(Records from a dataset)
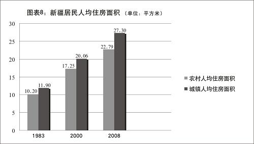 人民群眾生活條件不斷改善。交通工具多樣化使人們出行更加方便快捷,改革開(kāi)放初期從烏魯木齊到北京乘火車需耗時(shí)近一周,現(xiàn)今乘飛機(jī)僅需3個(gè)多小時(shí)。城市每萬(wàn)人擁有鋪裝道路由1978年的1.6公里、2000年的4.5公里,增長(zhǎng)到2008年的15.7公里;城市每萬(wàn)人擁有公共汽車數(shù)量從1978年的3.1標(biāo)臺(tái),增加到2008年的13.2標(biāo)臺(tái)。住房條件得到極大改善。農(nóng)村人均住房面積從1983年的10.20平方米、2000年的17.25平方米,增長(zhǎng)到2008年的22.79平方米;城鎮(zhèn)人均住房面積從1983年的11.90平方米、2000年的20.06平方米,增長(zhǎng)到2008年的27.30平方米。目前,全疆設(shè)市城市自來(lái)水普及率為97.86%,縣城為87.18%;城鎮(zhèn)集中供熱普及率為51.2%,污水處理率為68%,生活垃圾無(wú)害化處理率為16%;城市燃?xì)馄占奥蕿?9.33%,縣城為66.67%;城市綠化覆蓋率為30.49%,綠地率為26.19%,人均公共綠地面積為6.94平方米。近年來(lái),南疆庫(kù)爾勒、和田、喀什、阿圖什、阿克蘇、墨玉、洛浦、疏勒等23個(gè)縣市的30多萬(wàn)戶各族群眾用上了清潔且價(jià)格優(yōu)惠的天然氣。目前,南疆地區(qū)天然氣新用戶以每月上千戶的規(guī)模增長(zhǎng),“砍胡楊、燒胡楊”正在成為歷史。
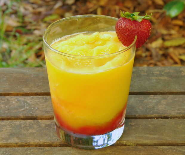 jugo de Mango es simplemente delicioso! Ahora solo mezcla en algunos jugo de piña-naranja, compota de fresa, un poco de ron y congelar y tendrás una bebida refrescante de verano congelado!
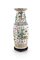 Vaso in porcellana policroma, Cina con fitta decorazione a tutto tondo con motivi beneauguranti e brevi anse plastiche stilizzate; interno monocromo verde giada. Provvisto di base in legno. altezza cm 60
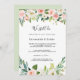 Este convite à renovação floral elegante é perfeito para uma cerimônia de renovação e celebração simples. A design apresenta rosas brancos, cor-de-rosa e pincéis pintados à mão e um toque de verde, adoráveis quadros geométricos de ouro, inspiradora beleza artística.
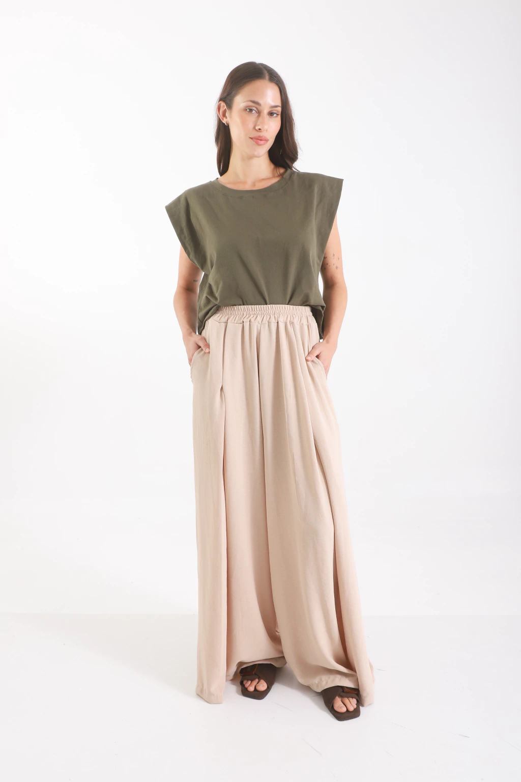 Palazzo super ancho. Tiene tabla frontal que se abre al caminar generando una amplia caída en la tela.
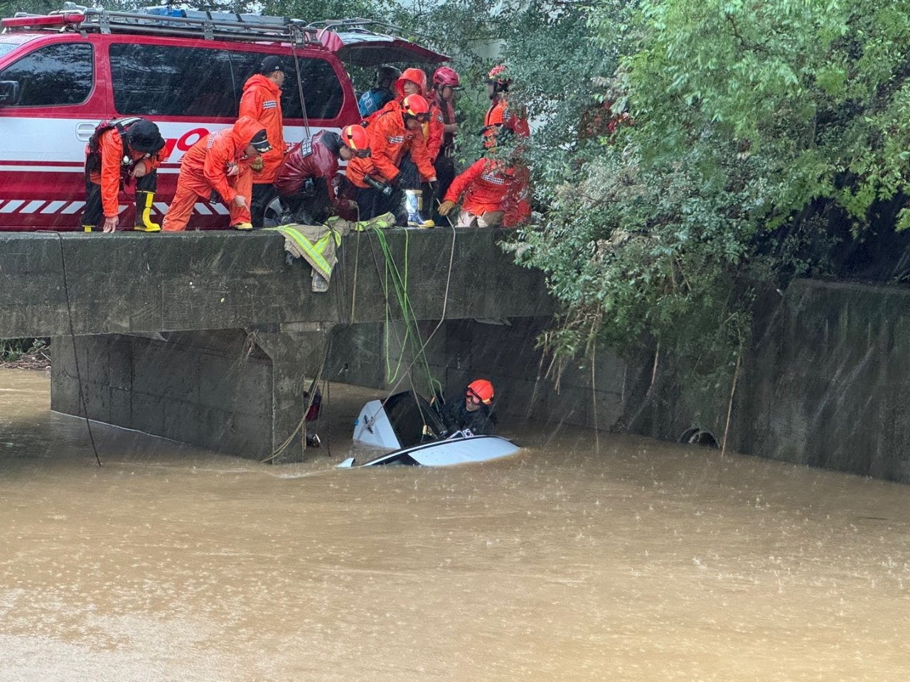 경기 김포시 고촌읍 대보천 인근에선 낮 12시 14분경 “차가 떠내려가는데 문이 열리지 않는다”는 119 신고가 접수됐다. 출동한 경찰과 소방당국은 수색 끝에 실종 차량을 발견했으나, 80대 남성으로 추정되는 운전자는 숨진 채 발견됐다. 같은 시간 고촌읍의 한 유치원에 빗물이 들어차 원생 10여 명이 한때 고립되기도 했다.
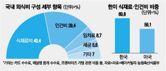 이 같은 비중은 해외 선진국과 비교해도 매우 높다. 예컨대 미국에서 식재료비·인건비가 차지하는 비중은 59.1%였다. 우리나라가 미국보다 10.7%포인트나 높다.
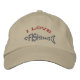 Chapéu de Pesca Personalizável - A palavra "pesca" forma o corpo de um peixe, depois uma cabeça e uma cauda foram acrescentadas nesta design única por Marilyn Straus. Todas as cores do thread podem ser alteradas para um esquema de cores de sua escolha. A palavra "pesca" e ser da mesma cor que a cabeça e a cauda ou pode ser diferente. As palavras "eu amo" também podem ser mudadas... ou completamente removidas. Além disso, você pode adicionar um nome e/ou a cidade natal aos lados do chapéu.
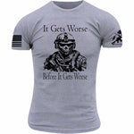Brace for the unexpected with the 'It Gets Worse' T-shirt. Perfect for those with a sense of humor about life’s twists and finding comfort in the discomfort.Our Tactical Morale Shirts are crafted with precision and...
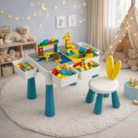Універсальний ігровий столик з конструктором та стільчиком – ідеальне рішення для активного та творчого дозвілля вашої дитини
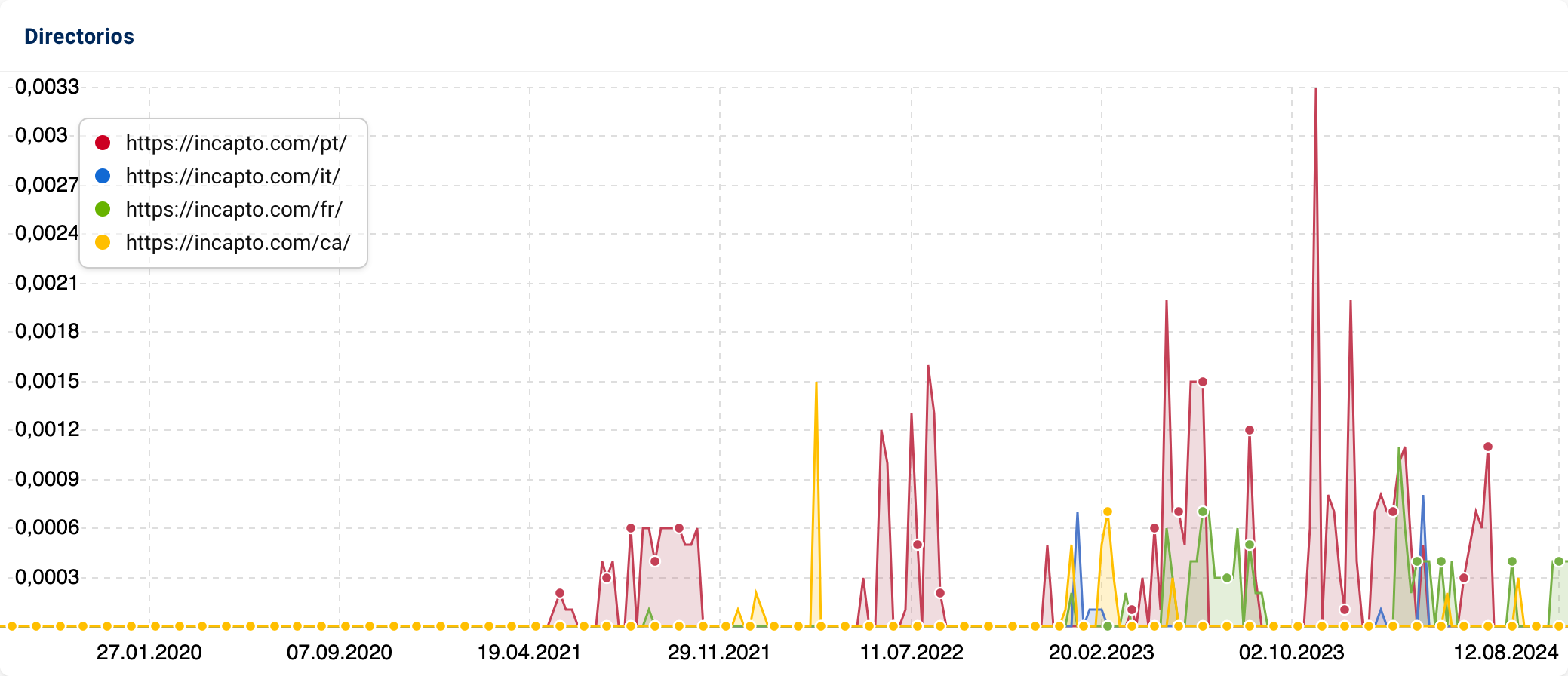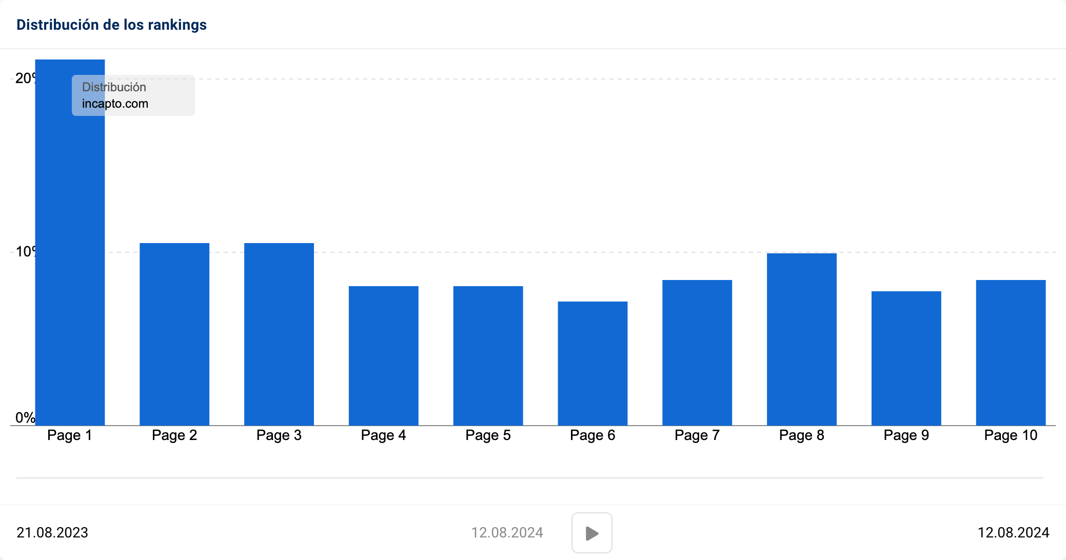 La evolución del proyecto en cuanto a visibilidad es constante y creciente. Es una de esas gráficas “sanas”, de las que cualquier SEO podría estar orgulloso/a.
==
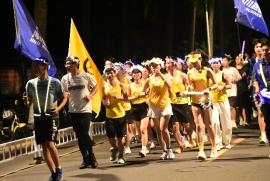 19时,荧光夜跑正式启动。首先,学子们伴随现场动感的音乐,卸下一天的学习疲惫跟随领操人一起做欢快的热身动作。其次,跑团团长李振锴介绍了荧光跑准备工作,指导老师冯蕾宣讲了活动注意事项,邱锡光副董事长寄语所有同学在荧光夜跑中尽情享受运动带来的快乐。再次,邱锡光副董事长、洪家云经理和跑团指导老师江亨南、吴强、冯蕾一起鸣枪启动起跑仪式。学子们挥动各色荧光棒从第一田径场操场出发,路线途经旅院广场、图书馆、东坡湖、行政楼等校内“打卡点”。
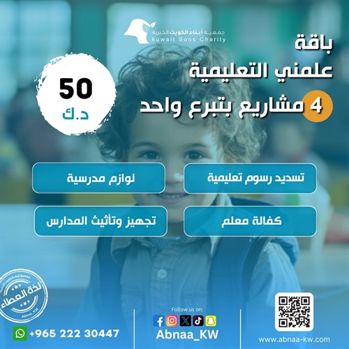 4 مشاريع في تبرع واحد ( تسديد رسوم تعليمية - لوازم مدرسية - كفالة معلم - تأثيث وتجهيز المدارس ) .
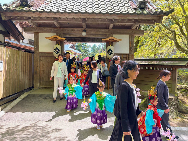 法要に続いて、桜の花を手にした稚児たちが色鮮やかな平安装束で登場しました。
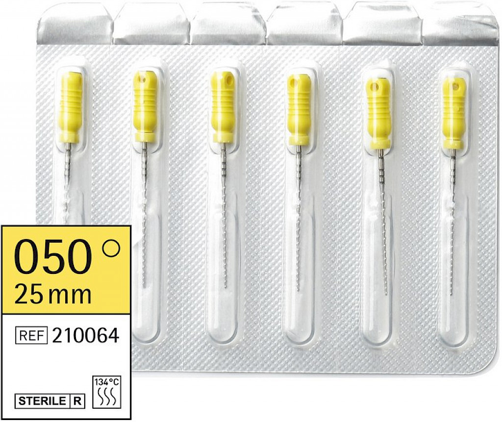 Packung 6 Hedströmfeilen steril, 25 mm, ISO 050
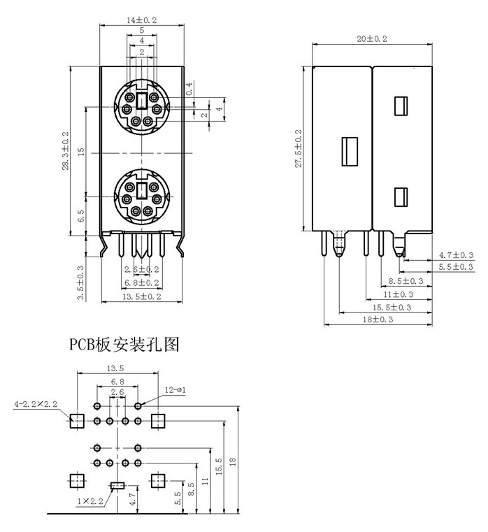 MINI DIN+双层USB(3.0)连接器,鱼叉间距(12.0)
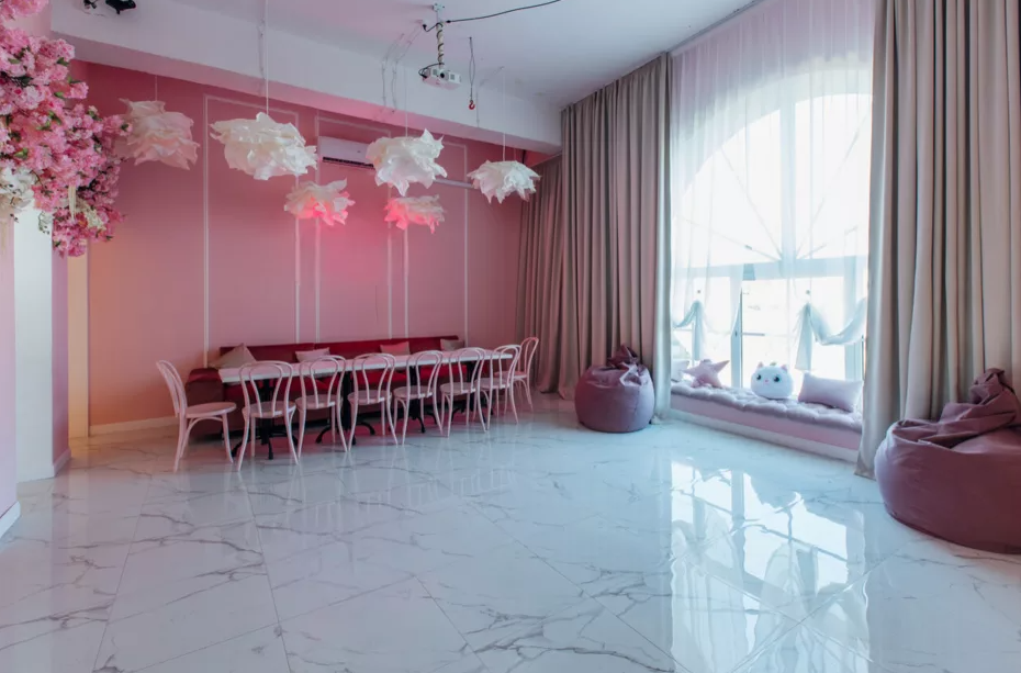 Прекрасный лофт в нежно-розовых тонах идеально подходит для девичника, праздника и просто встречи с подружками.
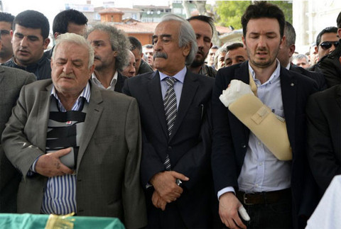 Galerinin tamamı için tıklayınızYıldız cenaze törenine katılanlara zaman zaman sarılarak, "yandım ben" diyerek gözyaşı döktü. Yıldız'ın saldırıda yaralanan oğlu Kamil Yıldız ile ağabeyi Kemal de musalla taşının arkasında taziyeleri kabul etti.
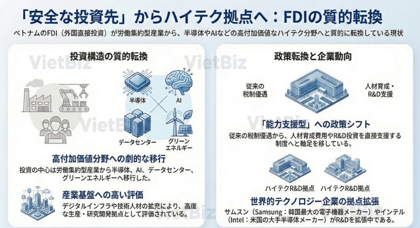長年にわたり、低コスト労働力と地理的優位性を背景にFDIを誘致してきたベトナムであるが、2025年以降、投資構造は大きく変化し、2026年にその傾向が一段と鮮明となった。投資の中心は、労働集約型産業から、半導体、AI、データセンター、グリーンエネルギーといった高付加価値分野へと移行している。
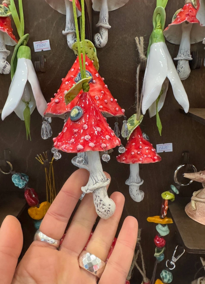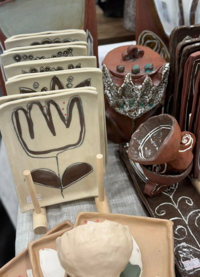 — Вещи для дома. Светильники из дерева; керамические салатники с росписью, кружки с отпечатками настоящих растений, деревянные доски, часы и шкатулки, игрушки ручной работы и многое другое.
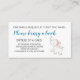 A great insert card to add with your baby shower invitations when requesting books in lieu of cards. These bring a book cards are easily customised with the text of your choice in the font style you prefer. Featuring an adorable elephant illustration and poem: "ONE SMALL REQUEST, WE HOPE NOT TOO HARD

*Requirement*
Print, exactly, each line above from the one with "人民群眾生活條件不斷改善。交" to the one with "Vaso in porcellana", end lines included. Leave pictures out of it.

*Completed exercise*
 人民群眾生活條件不斷改善。交通工具多樣化使人們出行更加方便快捷,改革開(kāi)放初期從烏魯木齊到北京乘火車需耗時(shí)近一周,現(xiàn)今乘飛機(jī)僅需3個(gè)多小時(shí)。城市每萬(wàn)人擁有鋪裝道路由1978年的1.6公里、2000年的4.5公里,增長(zhǎng)到2008年的15.7公里;城市每萬(wàn)人擁有公共汽車數(shù)量從1978年的3.1標(biāo)臺(tái),增加到2008年的13.2標(biāo)臺(tái)。住房條件得到極大改善。農(nóng)村人均住房面積從1983年的10.20平方米、2000年的17.25平方米,增長(zhǎng)到2008年的22.79平方米;城鎮(zhèn)人均住房面積從1983年的11.90平方米、2000年的20.06平方米,增長(zhǎng)到2008年的27.30平方米。目前,全疆設(shè)市城市自來(lái)水普及率為97.86%,縣城為87.18%;城鎮(zhèn)集中供熱普及率為51.2%,污水處理率為68%,生活垃圾無(wú)害化處理率為16%;城市燃?xì)馄占奥蕿?9.33%,縣城為66.67%;城市綠化覆蓋率為30.49%,綠地率為26.19%,人均公共綠地面積為6.94平方米。近年來(lái),南疆庫(kù)爾勒、和田、喀什、阿圖什、阿克蘇、墨玉、洛浦、疏勒等23個(gè)縣市的30多萬(wàn)戶各族群眾用上了清潔且價(jià)格優(yōu)惠的天然氣。目前,南疆地區(qū)天然氣新用戶以每月上千戶的規(guī)模增長(zhǎng),“砍胡楊、燒胡楊”正在成為歷史。
 jugo de Mango es simplemente delicioso! Ahora solo mezcla en algunos jugo de piña-naranja, compota de fresa, un poco de ron y congelar y tendrás una bebida refrescante de verano congelado!
 Vaso in porcellana policroma, Cina con fitta decorazione a tutto tondo con motivi beneauguranti e brevi anse plastiche stilizzate; interno monocromo verde giada. Provvisto di base in legno. altezza cm 60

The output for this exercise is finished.